* **SUPPLIED MATERIAL**:
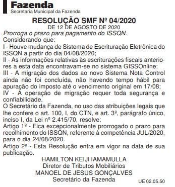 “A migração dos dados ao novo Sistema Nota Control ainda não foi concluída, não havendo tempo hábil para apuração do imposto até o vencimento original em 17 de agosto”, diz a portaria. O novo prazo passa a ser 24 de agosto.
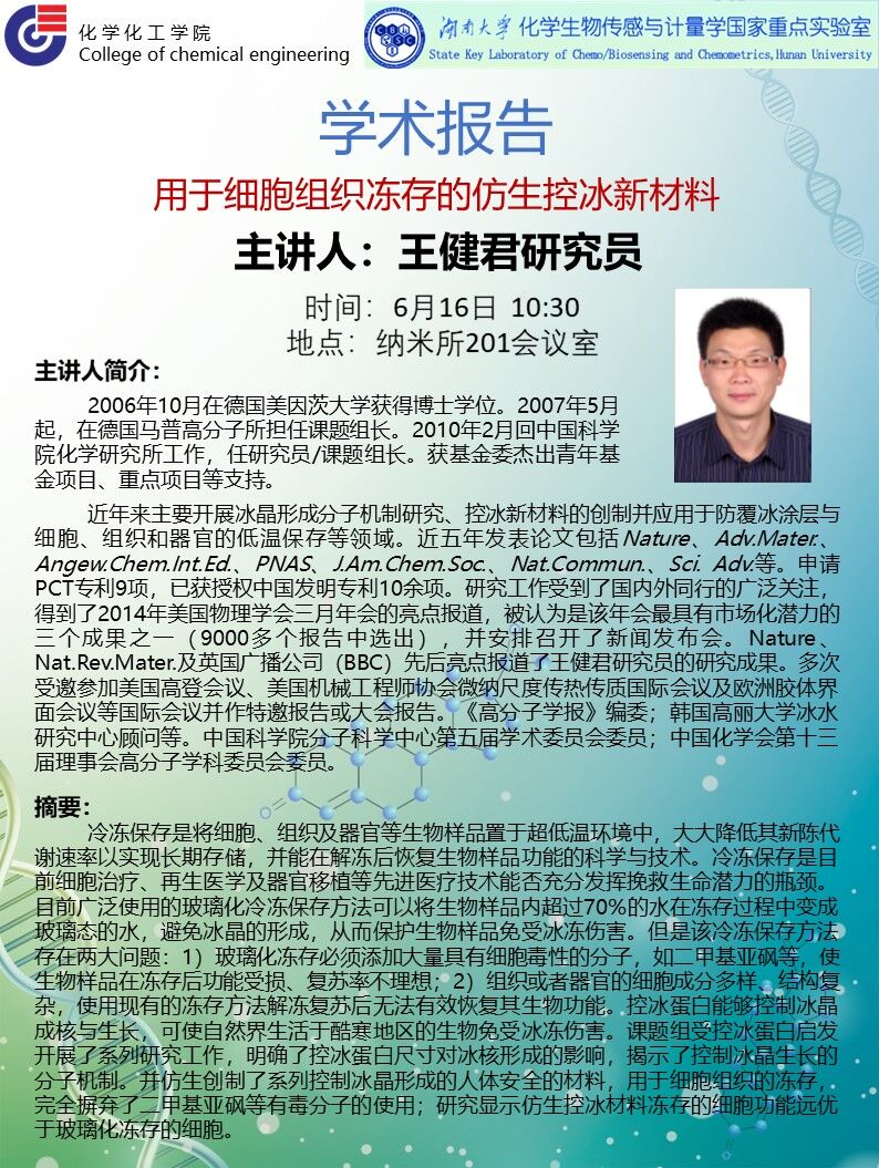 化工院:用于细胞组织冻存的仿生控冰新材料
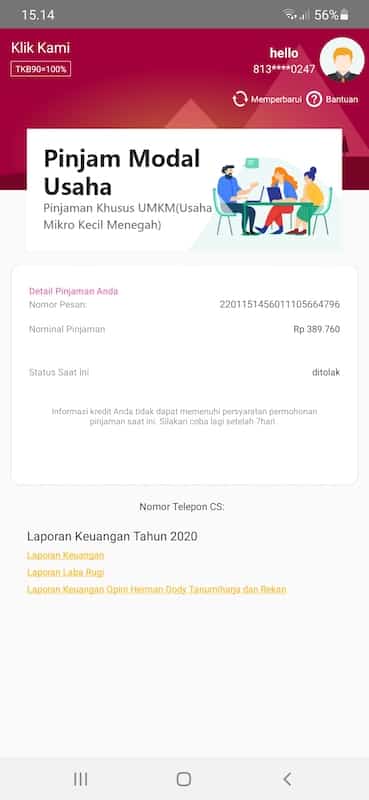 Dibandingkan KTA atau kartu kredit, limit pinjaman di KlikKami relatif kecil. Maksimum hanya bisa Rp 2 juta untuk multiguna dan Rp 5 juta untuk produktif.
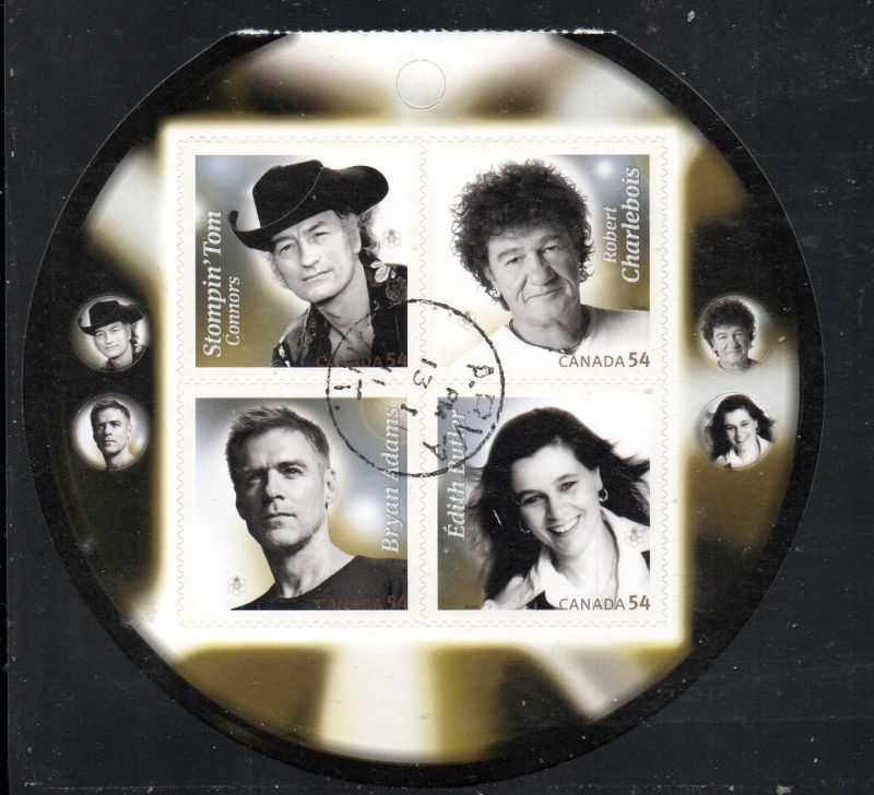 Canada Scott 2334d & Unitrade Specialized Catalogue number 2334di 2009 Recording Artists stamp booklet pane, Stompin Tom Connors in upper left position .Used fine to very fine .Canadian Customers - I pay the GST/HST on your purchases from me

* **EXERCISE INSTRUCTIONS**: Restate the data above word for word, so that the only difference is the missing pictures.

* **OUTPUT BELOW**:
 “A migração dos dados ao novo Sistema Nota Control ainda não foi concluída, não havendo tempo hábil para apuração do imposto até o vencimento original em 17 de agosto”, diz a portaria. O novo prazo passa a ser 24 de agosto.
 化工院:用于细胞组织冻存的仿生控冰新材料
 Dibandingkan KTA atau kartu kredit, limit pinjaman di KlikKami relatif kecil. Maksimum hanya bisa Rp 2 juta untuk multiguna dan Rp 5 juta untuk produktif.
 Canada Scott 2334d & Unitrade Specialized Catalogue number 2334di 2009 Recording Artists stamp booklet pane, Stompin Tom Connors in upper left position .Used fine to very fine .Canadian Customers - I pay the GST/HST on your purchases from me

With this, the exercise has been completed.